Wrapped Gift
Last Friday I notice in the afternoon that someone had left a wrapped dead mouse on the top of the backyard stairs. I thought it was a subtle message from one of my beloved neighbours and I lamented against those crazy people who cannot even afford a dead horse’s head. I decided to check the Nest camera in order to identify the culprit. To my great surprise, I discovered that the deed was done at 2PM sharp by none other than Felix — the alley cat that I took in the garage for the winter and that I let out a couple of hours every day when he gets too antsy. It seems that he had found one of those glue traps with a dead mouse on it (apparently some paper towel flew in the wind and got stuck on it too) and decided it would make a perfect gift for us !

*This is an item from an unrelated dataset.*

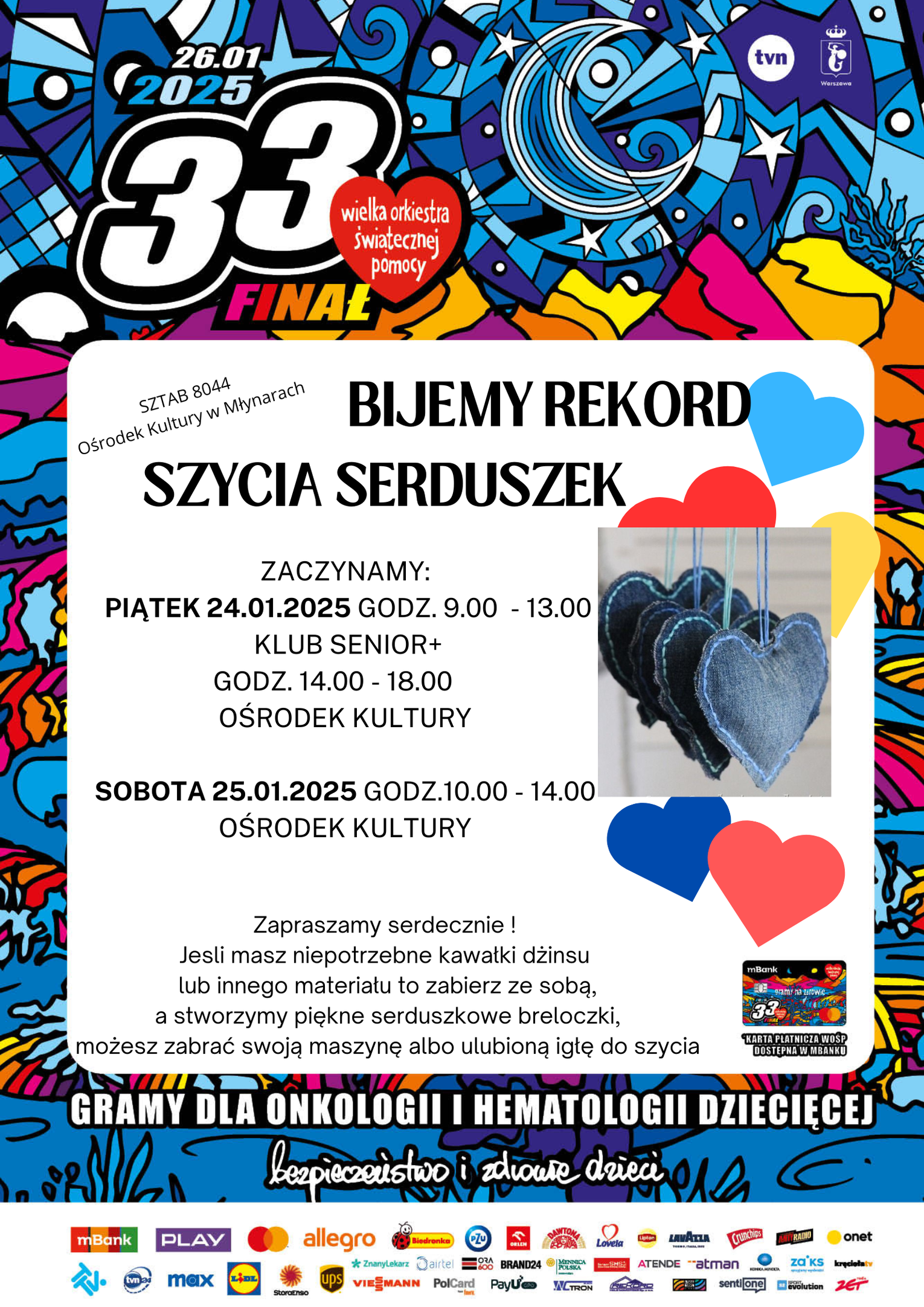 Zapraszamy do wspólnego bicia rekordu szycia serduszek. Nie musisz umieć szyć. Możesz wycinać, wypychać, liczyć, albo zapełniać puszkę WOŚP

It is not the first time that a cat brings us a dead mouse. I guess that this behaviour goes back to the time when humans first started to interact with cats in the Neolithic. They were never really domesticated, but probably slowly became tame by contact with humans through a commensal relationship (a form of symbiosis). With the agricultural revolution, mass producing food meant that human had to create food storage (primarily granary) that inevitably attracted vermine (mostly rats and mice). The presence of vermine in turn attracted small predators like cats who started hanging around human settlements. Humans probably started to “reward” the cats (with food and confort) for getting rid of the vermine and with time this synanthropic relation became mutualistic and the behaviour became instinctive. The cat, in order to prove that he is earning his keep, brings the dead prey as proof, hence the “gift” — which is rarely wrapped.